Retype the lines below exactly, but only those from the line that has "淺淡的卡其色褲子與水藍色襯衫" through the line that has "- Eesti andis". Omit every picture.

## Given entries:

______________________________

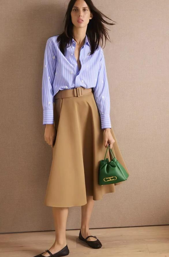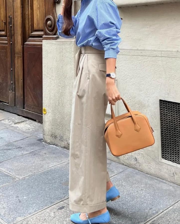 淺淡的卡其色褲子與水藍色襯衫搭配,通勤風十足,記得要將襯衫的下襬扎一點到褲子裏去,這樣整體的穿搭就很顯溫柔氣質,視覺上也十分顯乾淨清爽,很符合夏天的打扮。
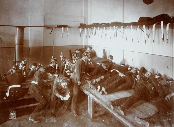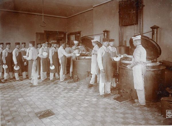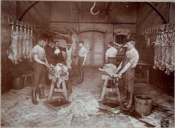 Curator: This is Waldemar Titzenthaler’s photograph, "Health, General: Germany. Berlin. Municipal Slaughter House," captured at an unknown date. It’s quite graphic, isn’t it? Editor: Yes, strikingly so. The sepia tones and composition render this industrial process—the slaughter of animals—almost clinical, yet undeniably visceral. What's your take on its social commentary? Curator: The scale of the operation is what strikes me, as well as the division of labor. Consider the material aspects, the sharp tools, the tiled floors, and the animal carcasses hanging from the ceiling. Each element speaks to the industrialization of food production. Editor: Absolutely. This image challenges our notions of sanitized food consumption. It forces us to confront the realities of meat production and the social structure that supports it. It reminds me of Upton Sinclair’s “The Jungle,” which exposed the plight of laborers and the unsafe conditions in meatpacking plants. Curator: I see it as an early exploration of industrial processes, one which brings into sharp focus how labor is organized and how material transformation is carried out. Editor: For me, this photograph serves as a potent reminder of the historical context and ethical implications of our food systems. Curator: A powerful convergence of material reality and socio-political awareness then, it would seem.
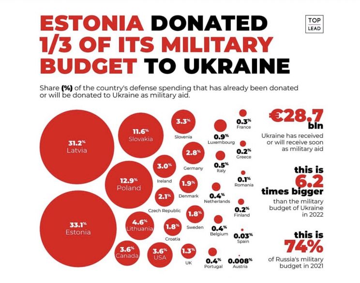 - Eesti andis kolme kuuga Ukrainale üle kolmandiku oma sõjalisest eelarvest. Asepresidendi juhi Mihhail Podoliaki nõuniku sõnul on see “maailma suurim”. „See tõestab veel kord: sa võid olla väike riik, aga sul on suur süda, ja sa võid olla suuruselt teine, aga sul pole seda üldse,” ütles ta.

______________________________

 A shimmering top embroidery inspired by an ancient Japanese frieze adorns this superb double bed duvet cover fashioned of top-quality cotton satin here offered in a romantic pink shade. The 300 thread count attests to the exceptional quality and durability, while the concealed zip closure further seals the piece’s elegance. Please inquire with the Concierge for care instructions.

______________________________

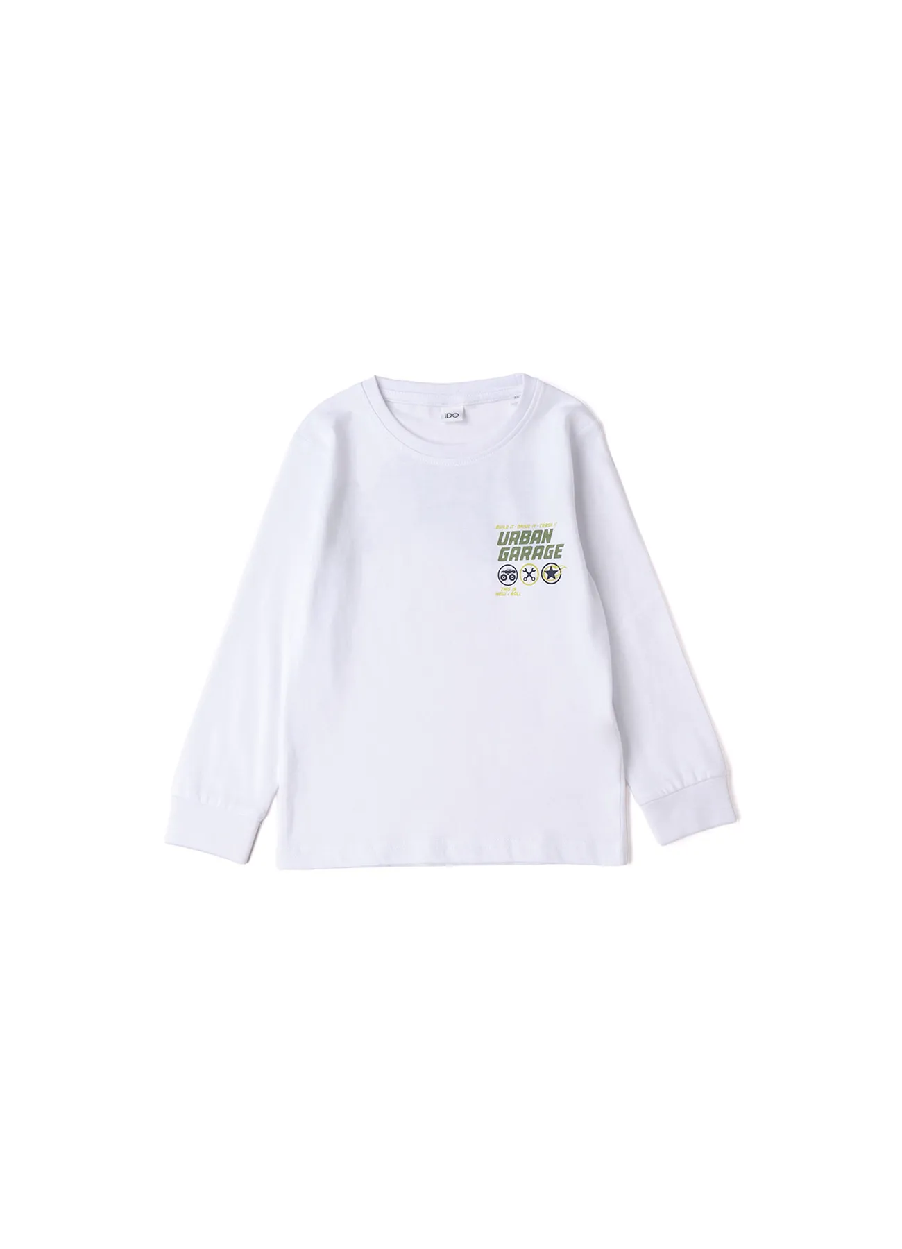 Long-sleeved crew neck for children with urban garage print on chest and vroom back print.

______________________________

## Exercise result:
 淺淡的卡其色褲子與水藍色襯衫搭配,通勤風十足,記得要將襯衫的下襬扎一點到褲子裏去,這樣整體的穿搭就很顯溫柔氣質,視覺上也十分顯乾淨清爽,很符合夏天的打扮。
 Curator: This is Waldemar Titzenthaler’s photograph, "Health, General: Germany. Berlin. Municipal Slaughter House," captured at an unknown date. It’s quite graphic, isn’t it? Editor: Yes, strikingly so. The sepia tones and composition render this industrial process—the slaughter of animals—almost clinical, yet undeniably visceral. What's your take on its social commentary? Curator: The scale of the operation is what strikes me, as well as the division of labor. Consider the material aspects, the sharp tools, the tiled floors, and the animal carcasses hanging from the ceiling. Each element speaks to the industrialization of food production. Editor: Absolutely. This image challenges our notions of sanitized food consumption. It forces us to confront the realities of meat production and the social structure that supports it. It reminds me of Upton Sinclair’s “The Jungle,” which exposed the plight of laborers and the unsafe conditions in meatpacking plants. Curator: I see it as an early exploration of industrial processes, one which brings into sharp focus how labor is organized and how material transformation is carried out. Editor: For me, this photograph serves as a potent reminder of the historical context and ethical implications of our food systems. Curator: A powerful convergence of material reality and socio-political awareness then, it would seem.
 - Eesti andis kolme kuuga Ukrainale üle kolmandiku oma sõjalisest eelarvest. Asepresidendi juhi Mihhail Podoliaki nõuniku sõnul on see “maailma suurim”. „See tõestab veel kord: sa võid olla väike riik, aga sul on suur süda, ja sa võid olla suuruselt teine, aga sul pole seda üldse,” ütles ta.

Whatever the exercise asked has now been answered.